Picnic answered 28/6, 2019 at 1:19 Comment(9)
Your "pure asm" examples likely relied on an interrupt or something. Either that, or they allocated their own large static blocks of memory and used that as their heap with which to allocate their own "dynamic" blocks from. Assembly has a very static view of memory and as such your custom malloc implementation would either rely on some sort of system call/interrupt or just a large static block of memory allocated as part of the object file (BSS/data segments)Bellwort
@Simon Whitehead, since interrupts are all provided by BIOS, then it's possible to use pure asm without interacting with OS (at least with MS DOS). Question is: how to do it?Picnic
Sure, MS-DOS the BIOS was involved a lot. Modern operating systems register their own interrupt handlers and will service them at user level. Modern operating systems like to have complete control over the memory space for security and stability reasons. So it is my understanding that there is no "pure asm" way of allocating memory dynamically in modern systems, unless you allocate a large enough block of static memory in the object file itself and write a custom allocator to allocate blocks from it. I am happy to be proven wrong here ...Bellwort
Isn't FreeDOS a MSDOS clone? Doesn't that mean that it doesn't implement virtual memory spaces for programs (i.e. it is a single address space operating system)? If that's true, there is no need for brk/mmap/malloc, since you already have access to all memory anyway.Midis
What you're missing here is that if you don't use FreeDOS's allocator you won't know what memory FreeDOS (and other things) have already allocated, and FreeDOS won't know what memory you've allocated. What you can do is allocate a big chunk of memory using FreeDOS and then suballocate it with your own allocator. Note that you can't just write brk() yourself, since on Unix-type systems it's a system call that maps in memory into the process, something that needs to be done in the kernel.
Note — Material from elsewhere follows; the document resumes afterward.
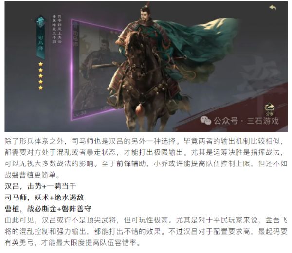 在率土之滨中,汉吕一直都是非常给力的武将。不仅有优秀的面板属性,还有给力的主战法,属于攻防兼备的强力武将。也许很多玩家觉得汉吕的谋略短板非常明显,容易遭到谋略队伍的克制,可实际上只要汉吕的速度足够快,保证先手行动,大概率可以控死对方。毕竟金吾飞将强力的两回合混乱控制,足以牢牢掌控节奏。而汉吕的速度成长值高达2.02,仅次于张辽、公孙瓒等少数武将。另外,如果目标处于暴走或混乱状态,金吾飞将还能打出双倍暴击,堪称完美。

In other words, to perform memory allocation at the lowest level you need to write your own OS.Pichardo
@Midis : no you don't necessarily have access to all memory, unless you want to clobber MS-DOS and other apps rendering the system unusable. Usually DOS programs will request extra memory for HEAP operations beyond the minimum requirements of the program. Incidentally I wrote a somewhat related SO answer recently about MS-DOS allocations at load time. https://mcmap.net/q/1403379/-how-can-i-get-an-extra-segment-in-dos . You can request available space for your heap and then you write an allocator (malloc/free) that uses the chunk of memory you requested from MS-DOS.Tarbox
since interrupts are all provided by BIOS - No, the ABI for DOS system calls is int 21h with AH= call number. The BIOS uses a few different interrupt numbers, but it's not the only thing callable via a software-interrupt.Arias
In real mode, memory allocation is weird anyway. Unless writing a TSR, you always have the full memory available.Nectareous
Of course programs in DOS are written knowing what memory they have been allocated. All programs can write anywhere, but in order to be functional they usually attempt to play nice with each other. That usually means not arbitrarily walking allover MS-DOS and other apps. You want memory you request it. You have too much memory, you give it back.Tarbox
A
7

When DOS loads a .COM program, it allocates all of the memory available in the 640KB area (below 0a000h:00000h) to the program, and the program can manage its own memory. If it is desired to use MSDOS memory management, the program first has to release the memory using INT 21H, AH=49H, ES=segment, BX=# paragraphs. It can then use INT 21H, AH=48H, BX=# paragraphs, to allocate memory.

As noted in the comments, an .EXE program may or may not allocate all of the memory in the 640KB area.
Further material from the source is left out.